> [To do]
Restate all data exactly. No images.

> [Data below]
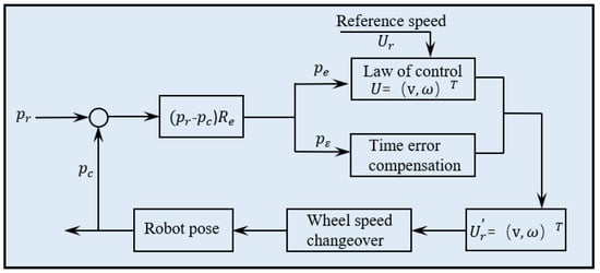 Based on the results of the above equation, it can be concluded that the control law compensates for the robot system for the time feedback error and the overall asymptotic convergence to the equilibrium point can be achieved by automatically tracking the reference trajectory. Figure 9 presents a block diagram of the trajectory tracking process.
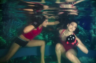През изминалия уикенд моделите Тея Янева и Йоана Гахреман Аламдари Бадлу заснеха подводата боксов двубои и влязох в роля на морски нимфи търсещи съкровище.
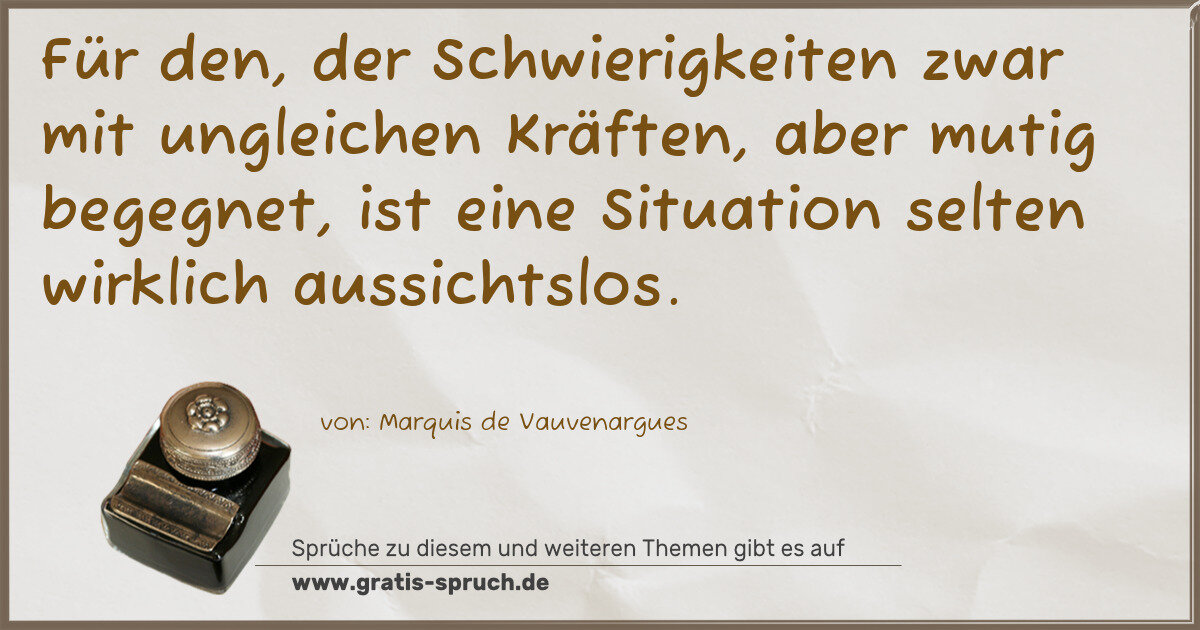 Für den, der Schwierigkeiten zwar mit ungleichen Kräften, aber mutig begegnet, ist eine Situation selten wirklich aussichtslos.
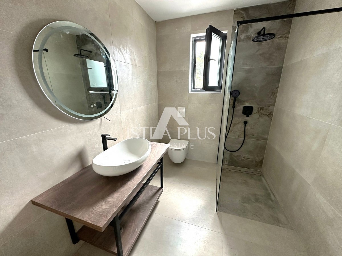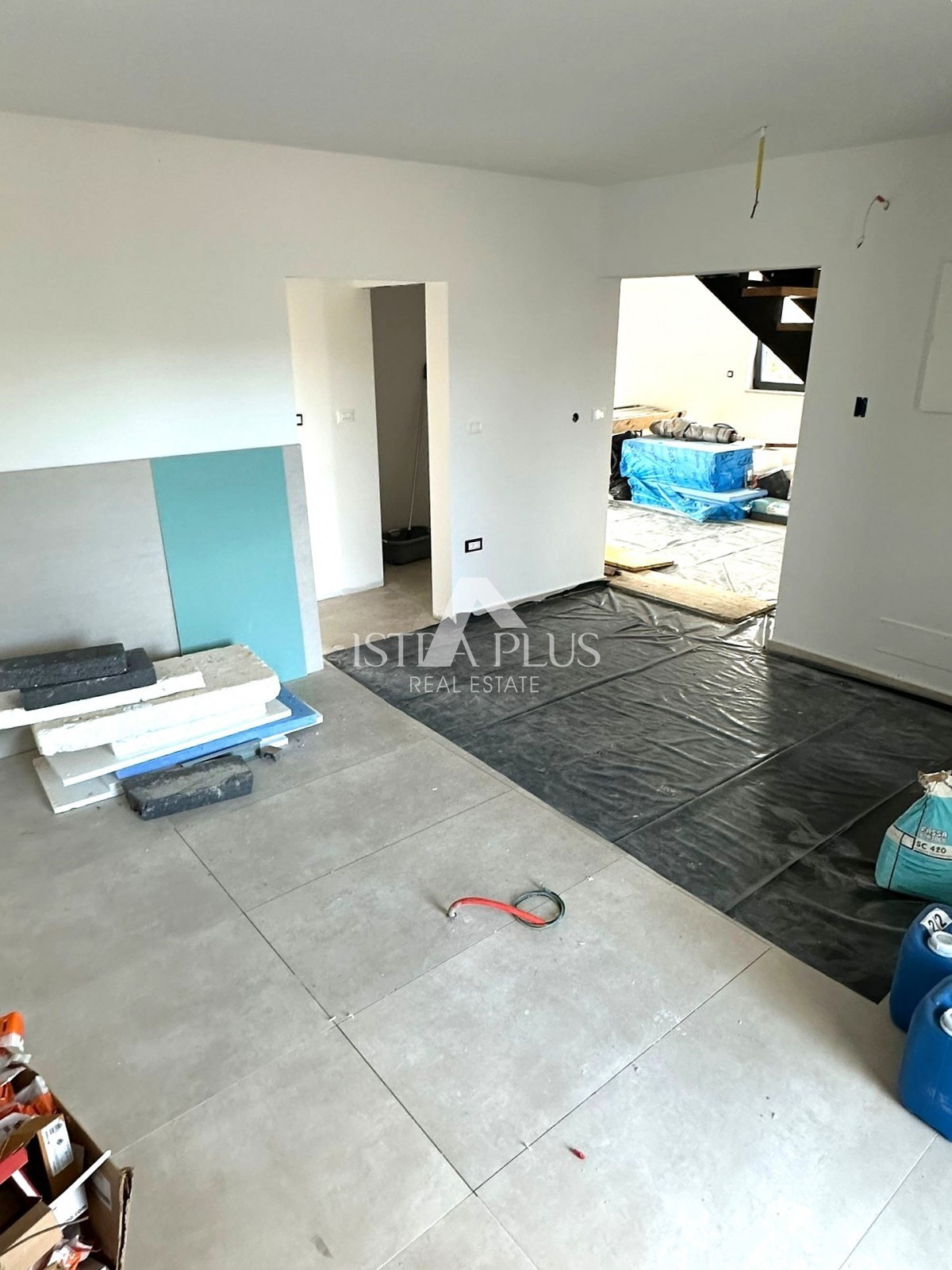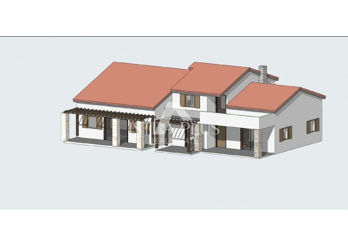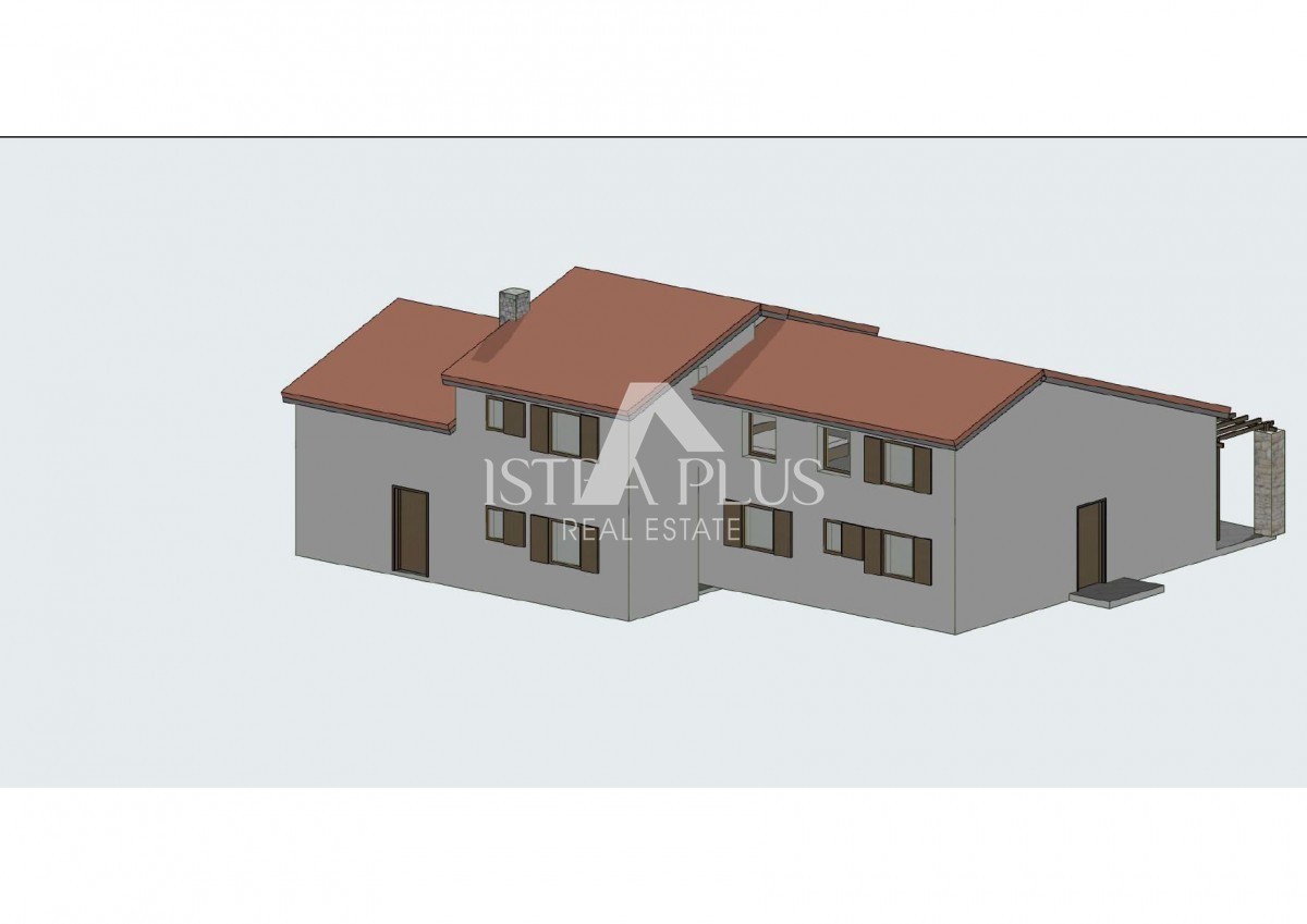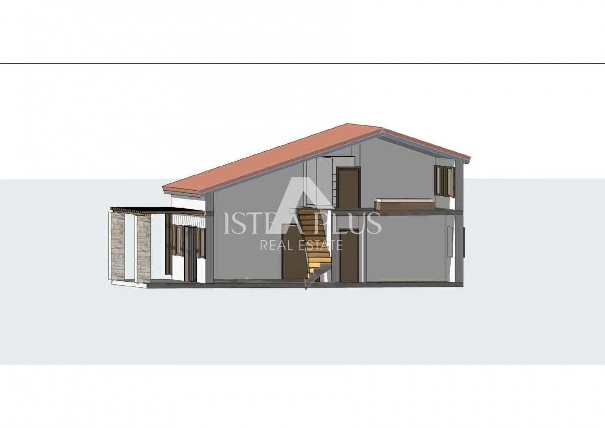 K106 In der Nähe von Poreč, in schöner und ruhiger Lage mit Blick auf das Meer, gibt es ein Geschäft, ein Postamt, Cafés und Restaurants in 600 m Entfernung und 12 km vom Meer entfernt. Haus A hat eine Fläche von 116,5 m2 und besteht aus zwei Etagen. Gru

> [Answer box]
 Based on the results of the above equation, it can be concluded that the control law compensates for the robot system for the time feedback error and the overall asymptotic convergence to the equilibrium point can be achieved by automatically tracking the reference trajectory. Figure 9 presents a block diagram of the trajectory tracking process.
През изминалия уикенд моделите Тея Янева и Йоана Гахреман Аламдари Бадлу заснеха подводата боксов двубои и влязох в роля на морски нимфи търсещи съкровище.
 Für den, der Schwierigkeiten zwar mit ungleichen Kräften, aber mutig begegnet, ist eine Situation selten wirklich aussichtslos.
 K106 In der Nähe von Poreč, in schöner und ruhiger Lage mit Blick auf das Meer, gibt es ein Geschäft, ein Postamt, Cafés und Restaurants in 600 m Entfernung und 12 km vom Meer entfernt. Haus A hat eine Fläche von 116,5 m2 und besteht aus zwei Etagen. Gru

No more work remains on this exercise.